Por isso elas invejam tanto a liberdade dos homens. Elas querem ser mais livres em todos os sentidos, inclusive livres para poderem realizar todo o seu potencial amoroso, sexual, criativo, produtivo. As mulheres não são livres para serem elas mesmas.

O que é velhofobia? Acha que ela aumentou em tempos de pandemia?

A calamidade que estamos enfrentando evidenciou a face mais perversa de alguns políticos e empresários: a velhofobia. Estamos assistindo horrorizados a discursos sórdidos, recheados de estigmas, preconceitos e violências contra os mais velhos. “Vamos todos nos contaminar para criar imunidade e esta epidemia acabar logo. Só irão morrer alguns velhinhos doentes”. “Deixem os jovens trabalharem. Não vamos parar a economia para salvar a vida de velhinhos”. “Só velhinhos irão morrer, eles iriam morrer mesmo, mais cedo ou mais tarde”.

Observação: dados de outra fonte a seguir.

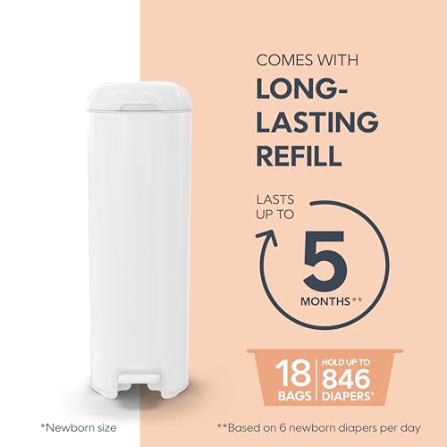Long lasting refill – pail comes with Easy Roll refill that holds up to 846 newborn diapers and lasts up to 5 months.
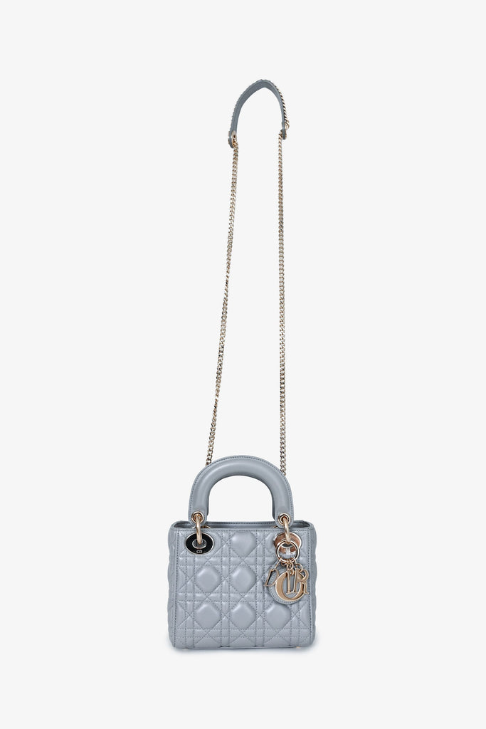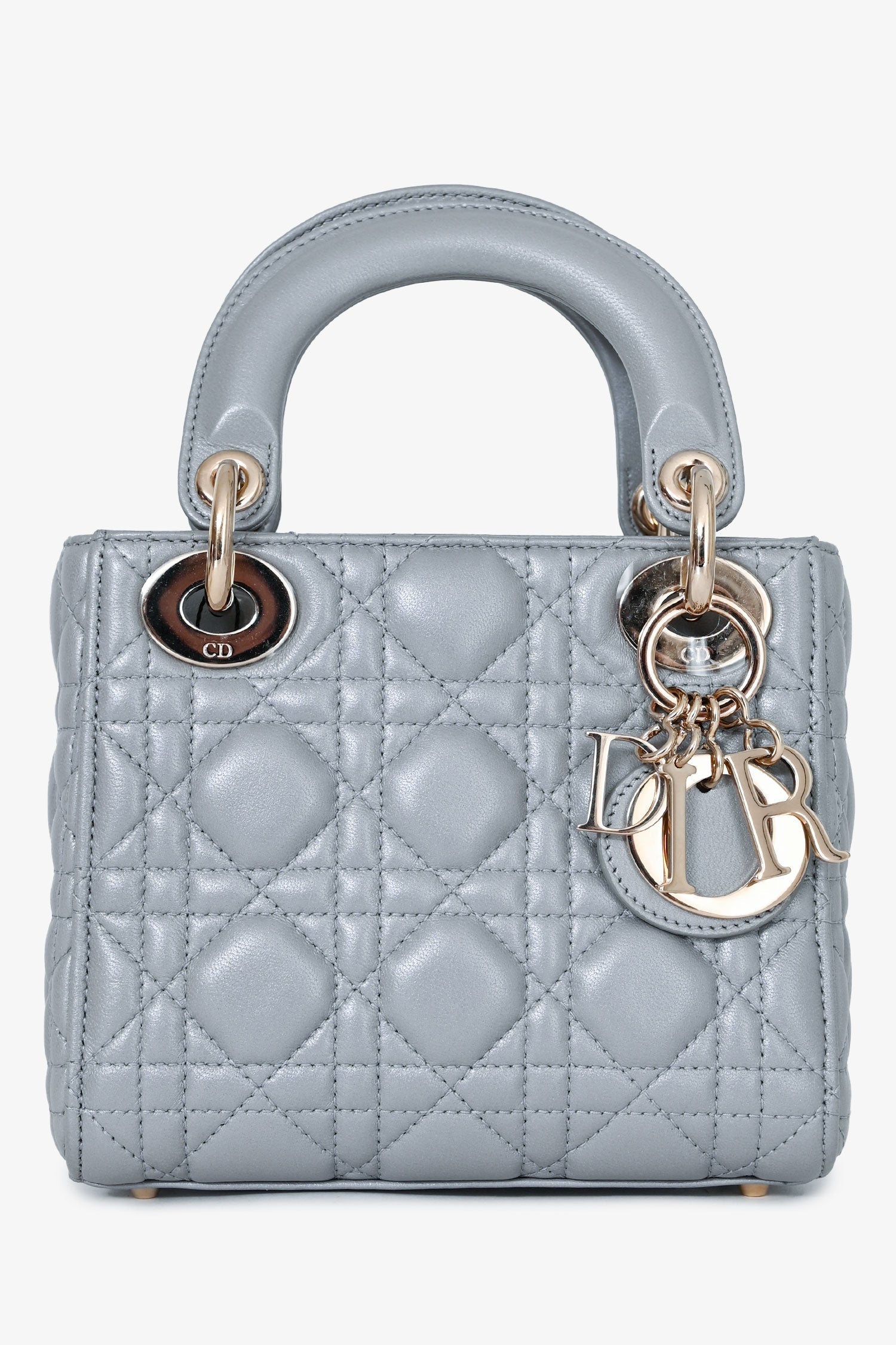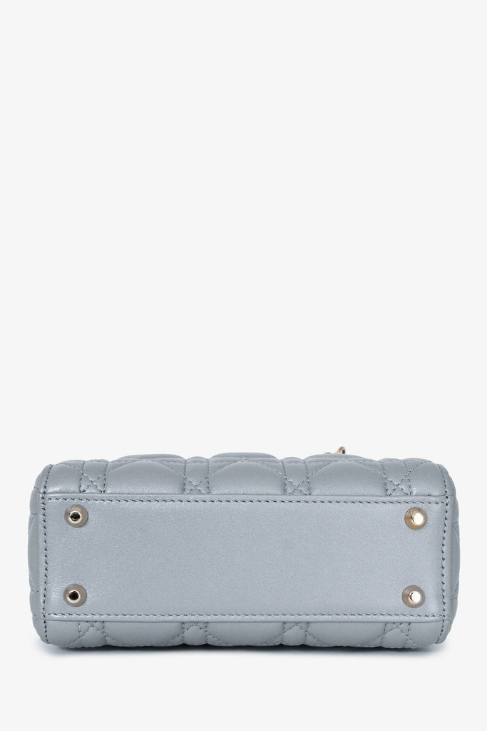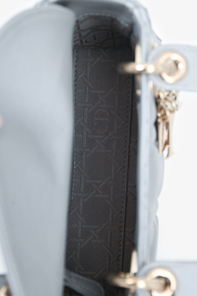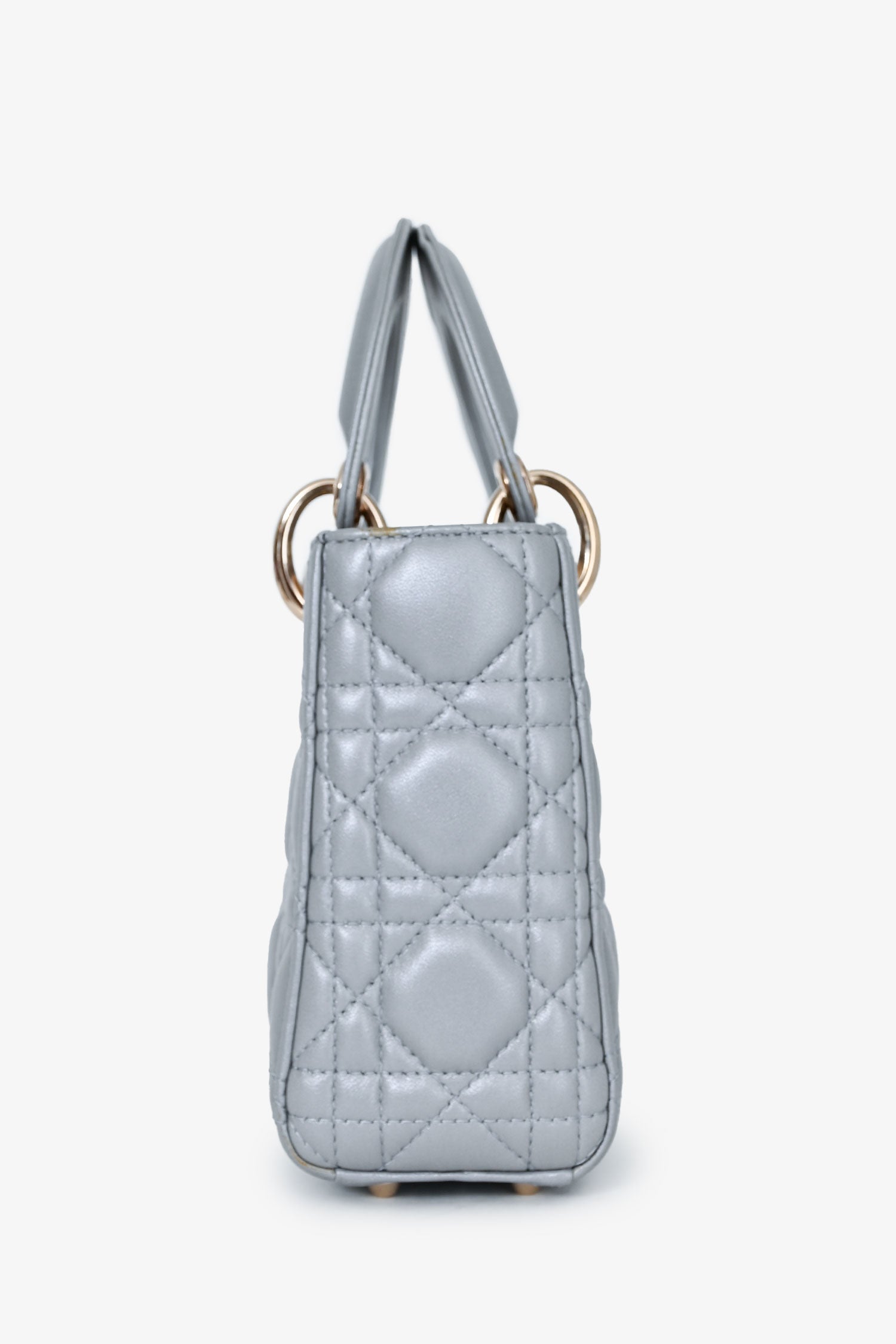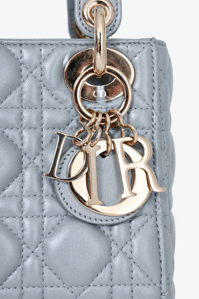 Christian Dior Grey Shimmer Leather Cannage Mini Lady Dior with Strap

Esse tipo de discurso revela uma situação dramática que já existia antes da pandemia. Os velhos são considerados inúteis, desnecessários e invisíveis. Homens e mulheres mais velhos, que já experimentam uma espécie de morte simbólica, ficam desesperados ao constatar que são considerados um peso para a sociedade. No entanto, a forte reação contra esses sociopatas prova que os mais velhos são muito valiosos e importantes para os brasileiros.

Faremos tudo o que for necessário para demonstrar que os nossos velhos não são um peso, muito pelo contrário. São eles que estão nos ajudando a encontrar força e coragem para sobreviver física e mentalmente. São eles que estão nos ensinando a ser pessoas mais amorosas e generosas. São eles que estão cuidando de nós, como fizeram durante toda a vida.

Muitos dos que disseminam o discurso de ódio e de extermínio dos mais velhos já passaram dos 60 anos. É urgente que eles aprendam uma lição importante: a única categoria social que une todo mundo é o ser velho. A criança e o jovem de hoje serão os velhos de amanhã.

Os velhofóbicos estão construindo o seu próprio destino como velhos, e também o destino dos seus filhos e netos: os velhos de amanhã. Será que estes genocidas serão tão amados e protegidos como são os nossos velhos ou serão tratados como “velhinhos descartáveis”?